You can install pandas and all the relevant packages on your local machine but a better option is to start your coding with Google Colab(Google 2019[2]). Google Colab is a cloud-based Python Jupyter notebook service and it provides a free tier. By default, pandas and matplotlib are already pre-installed in Google Colab. To enable pandas in a Jupyter notebook in Google Colab, we simply import the package and give it an short alias:
import pandas as pd
We exported the relevant MARC records from Sierra to a comma-separated values (CSV) file, and loaded it into the Jupyter notebook as a Pandas Dataframe object. For example, this is how we read a CSV file of the Axis360 audiobook records exported from Sierra:
sierra_axis_audio = pd.read_csv( "/content/drive/My Drive/Library/axis_overdrive/sierra_axis360_audio.csv")
This file typically contains columns like title, author and ISBN entries. A record sometimes can contain more than two ISBN numbers, and those are stored in the “Unnamed” columns towards the end for now:
sierra_axis_audio.columns Index(['TITLE', 'AUTHOR', 'ISBN1', 'ISBN2', 'Unnamed: 4', 'Unnamed: 5', 'Unnamed: 6'], dtype='object')
We also needed to further clean up all the ISBN numbers in order to compare them with those from the vendor. A typical MARC 020 field can contain many subfields besides the subfield a for the ISBN number. In our exported file, the ISBN field usually contains more information than we needed for the comparison. For example, “9780804148757 (electronic audio bk.)“, “9780062460110 : $62.99” etc.
I composed a Python function to extract the isolated ISBN number from each of the columns after the “AUTHOR” column, and compile all the ISBN numbers into a new DataFrame object. One Sierra record can contain multiple ISBN numbers. In this way, I was able to generate a complete list of all ISBN numbers from the MARC records exported from Sierra:
def extract_isbns(df): isbns = pd.DataFrame() result = pd.DataFrame() for i in range(2,len(df.columns)-1): new_isbns = df.iloc[:,i].astype(str) new_isbns = new_isbns.str.split(' ', 1).str[0].str.strip() isbns = pd.concat([isbns, new_isbns]) isbns = isbns.reset_index() isbns = isbns[isbns[0]!='nan'] return isbns
In comparison the vendor’s CSV file is simple and straightforward. It contains only one ISBN field with the clean ISBN number. It also has some other fields like title, author, publication date, data added, format, total quantity and total checkouts. All that is left to do is to import these as a Pandas Dataframe object.

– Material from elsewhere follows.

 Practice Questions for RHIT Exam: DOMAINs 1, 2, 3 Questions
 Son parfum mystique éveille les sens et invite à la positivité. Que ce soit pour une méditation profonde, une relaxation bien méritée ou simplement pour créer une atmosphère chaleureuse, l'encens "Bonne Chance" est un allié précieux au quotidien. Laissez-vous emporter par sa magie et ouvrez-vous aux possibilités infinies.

Next I composed a Python function to compare the ISBN numbers in the cleaned up data from both sources. I created a new column, “Exist,” in both Python Dataframe objects. If an ISBN number from a vendor record exists in a Sierra record, the “Exist” column on the Sierra record has a value of “1”; if not, the value is “0”. The opposite is also true. If an ISBN from the Sierra record matches that of a vendor record, the “Exist” column on the vendor record will have a value of “1” set; if not, the value is “0”. The function also returns two additional Dataframe objects that contain the discrepant records only.
def find_mismatch(vendor_df, sierra_df, sierra_isbns_df): vendor_df["Exist"] = vendor_df["ISBN"].astype(str).isin(sierra_isbns_df[0]) not_in_sierra = vendor_df[vendor_df["Exist"]==False | vendor_df["Exist"].isna() | vendor_df["Exist"].empty] sierra_isbns_df["Exist"] = sierra_isbns_df[0].astype(str).isin(vendor_df["ISBN"].astype(str)) exists = sierra_isbns_df[sierra_isbns_df['Exist']==1].drop_duplicates("index") not_exists = sierra_isbns_df[sierra_isbns_df['Exist']==0].drop_duplicates("index") not_exists = not_exists[~not_exists["index"].isin(exists['index'])] isbns = pd.concat([exists, not_exists]) sierra_df = pd.merge(sierra_df, isbns, how="left", left_index=True, right_on="index") not_in_vendor = sierra_df[sierra_df["Exist"]==False | sierra_df["Exist"].isna() | sierra_df["Exist"].empty] return vendor_df, sierra_df, not_in_vendor, not_in_sierra
After running this script against our records, I did some data analysis to see how many conflicting records were resolved after comparing ISBN numbers. I generated the list of all MARC records that need to be added to the ILS and another list of records that need to be removed. As shown in the following chart, we were able to identify that the majority of our Axis360 records were well positioned, but on the OverDrive side, about a third of the records are problematic. In total, we still have over 4,600 records in Sierra that are troublesome.
Comparing Records with Title and Author fields
To further scale down the issue, I moved on to align the remaining mismatched records by comparing the similarity of the author and title fields. A list of mismatched records is one of the outputs from the previous step after aligning the ISBN numbers.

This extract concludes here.